Obstacle Avoidance

Our UAV is equipped with the RPLidar A2 sensor;, a lightweight and fast-scanning LiDAR designed specifically for aerial obstacle avoidance applications. The sensor features a rotating disc mechanism capable of generating a 2D planar scan at a rapid update rate. With the RPLidar A2, the UAV continuously scans its surroundings and updates its obstacle map every 100 ms;. This high-frequency update cycle enables quick response to fast-approaching obstacles, enhancing flight safety and navigational autonomy.

Bendy Ruler Algorithm for Dynamic Obstacle Avoidance#

For dynamic obstacle avoidance, our system employs the horizontal Bendy Ruler algorithm;. This strategy enables the UAV to immediately sidestep incoming obstacles horizontally and pivot around them, minimising the risk of collision. we selected the horizontal variant over the vertical Bendy Ruler to avoid the complexities associated with predicting the pitch and roll attitudes of fast-moving aerial objects. A demonstration of this maneuver is shown in the following figure.

To complement real-world testing, we also validated the obstacle avoidance strategy through mission planner simulations, as shown in Figure 16.
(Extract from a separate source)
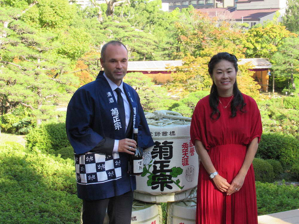 28日には神戸市内で「創業360周年記者発表会」が行われ、特別ゲストとしてイニエスタと元サッカー女子日本代表MFの澤穂希さんが登場。菊正宗の法被も着用し「サッカーのユニホームの方が慣れているけど、これも良いのかな」と笑顔を見せた。

Sensor Placement and System Optimization#

To maximize field-of-view and minimize signal interference, the RPLidar sensor is mounted atop the UAV airframe;. This placement ensures an unobstructed scanning environment while avoiding disruptions to the GPS signal — crucial for maintaining high-accuracy positional tracking during obstacle avoidance maneuvers.

The integration of the RPLidar A2 sensor, the real-time scanning capabilities, and the efficient obstacle avoidance strategy ensures the UAV’s capability to safely navigate through complex and dynamic aerial environments.